At my church, St. Alban’s Parish of Washington, we decided to explore energy options that would reduce our carbon footprint while still meeting our energy needs. We were put into contact with Jigar Shah, former head of the revolutionary D.C. solar-energy company SunEdison. With help from Shah, Mayor Adrian Fenty’s office and other organizations, St. Alban’s Parish installed a wonderful 14.06-kilowatt photovoltaic system on the roof of our Satterlee Hall — turning the building into a clean-energy-generating station.

Our system now generates enough energy to displace nearly 23 tons of CO2 emissions a year, significantly offsetting our carbon footprint. Yes, we still draw energy from the grid, which is mostly made from burning coal. But we’re putting more clean, renewable energy back in than we take out. We’re making a contribution.

And we’re saving money. In essence, what we’ve done is “lease” our roof to an investor who teamed with a solar provider to install the system. Because they own the array, they will undertake any necessary care and maintenance. The energy produced will be sold to the utility and put on the grid, where it will help to power homes and businesses throughout the District. In exchange for allowing the use of our roof, we have locked in our utility costs for 20 years at today’s rates. To say the least, that’s a pretty significant budget item for us. We know that energy prices will rise over the next 20 years — but not at St. Alban's.

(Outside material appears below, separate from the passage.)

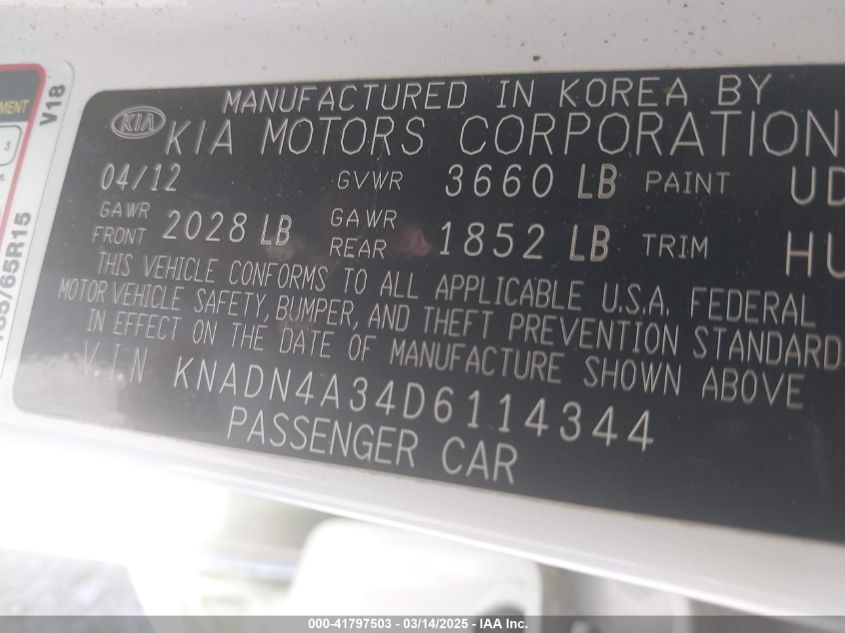 Color WhiteCylinders 4Drive Front wheel driveVIN KNADN4A34D6******State Run & Drive VerifiedDamage Front or back AutoRIA

To our knowledge, St. Alban’s is the first church in the District to install solar panels. We certainly don’t want to be the last. Congress seems to be a long way from taking comprehensive action to address this problem, but in the past churches have not waited for laws to tell us to help the needy, fight for social justice or make our communities better places to live. The harm that will be visited on our planet during the next generations in the absence of action today makes this a greater imperative than any other social issue.

Besides, the panels look pretty neat. We refer to them as our newest stained-glass windows. You may know that the original purpose of stained-glass windows was to tell visually the story of God’s redeeming love. Our panels tell a similar story. They tell of God’s love for us by giving us this beautiful Earth and our responsibility to care for it wisely.

The writer is rector at St. Alban’s Episcopal Parish in Washington.